I have a horrible audio problem

liquid wrote on 9/25/2003, 7:44 AM
Last night after I instaled my 1394 card, vegas wouldn't recognize it. So i decided to do a fresh instal of vegas. But when I got started again, my audio settings were buggy. The audio is choppy and full of artifact...WTF!!! I have a high end edirol audio card, and have been using acid to do music with for years without a glitch...! Now even acid is having the same problem....what should I do? I've tryed re-installing the drivers for my sound card 3 or 4 times and it's not doing anything...I haven't changed any other settings...I fear I may have to do a fresh windows install....:-(

Comments

mcgeedo wrote on 9/25/2003, 7:56 AM
Before you do a fresh Win install, I would try taking out the 1394 card. If this significantly improves the audio (back to where you were), then you may have a driver issue with the card. Let us know what 1394 card you are trying to use. Maybe someone else has had similar issues.

Good luck,
-Don
John_Cline wrote on 9/25/2003, 8:52 AM
On most motherboards, some PCI slots share the same interrupt with other PCI slots, so there could be a conflict there. Also, on some motherboards, the PCI slot next to the AGP slot shares the AGP interrupt. In that case, it not a good idea to have a card in that first PCI slot. Before you reinstall your OS, try putting the 1394 card in another available PCI slot.

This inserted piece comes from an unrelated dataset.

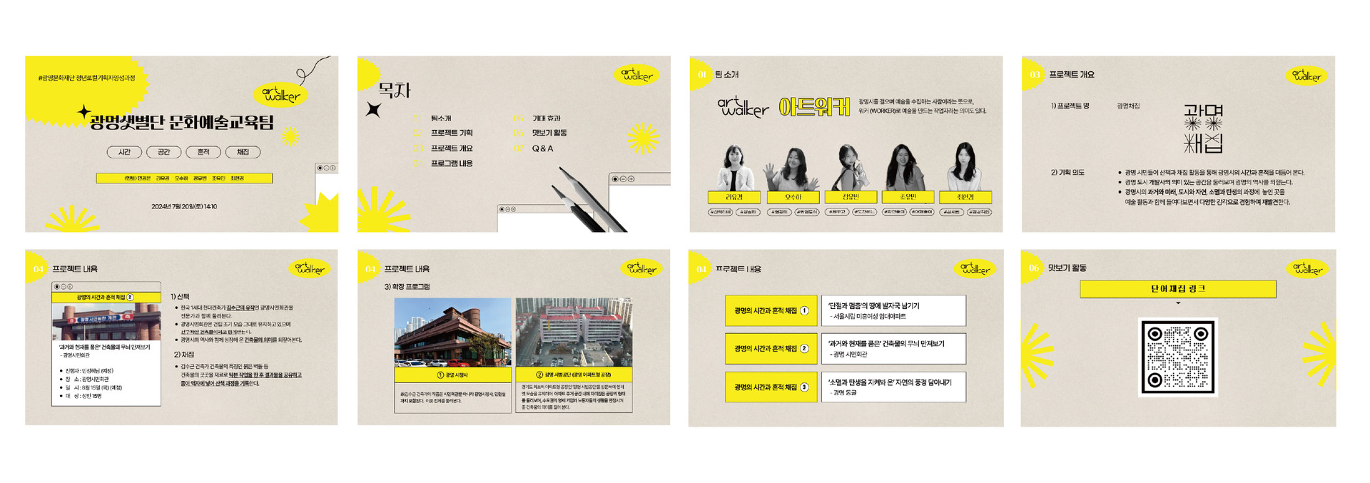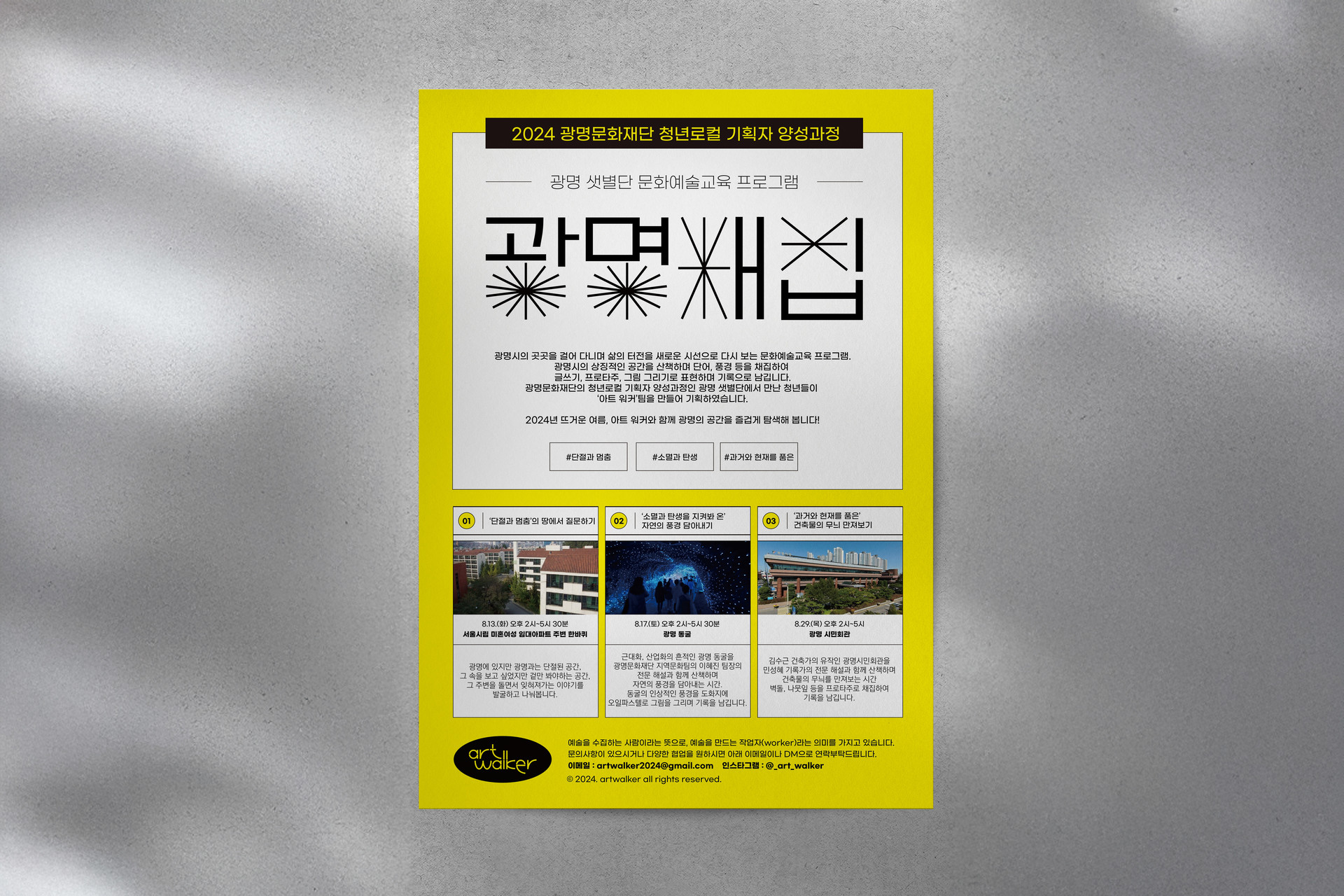 2024년도 광명문화재단의 청년 로컬기획자 양성과정 ‘광명샛별단’의 문화예술교육팀 '아트워커(art walker)의 프로그램 「광명채집」을 소개하는 홍보물입니다.

Win2k is usually pretty good about sharing interrupts, but this may be more of a motherboard issue than an OS issue. Did the OS recognize the 1394 card but not Vegas? That's kind of unusual. If the OS had recognized it properly then Vegas would have almost certainly seen it as Vegas does not address the 1394 card directly, but goes through the OS.

John
johnmeyer wrote on 9/25/2003, 9:42 AM
Clearly a problem with the 1394 card. Start by taking it out. See if the audio is then OK. Then, try putting it back in, but in a different slot. Exchange with another card if there is only one slot free.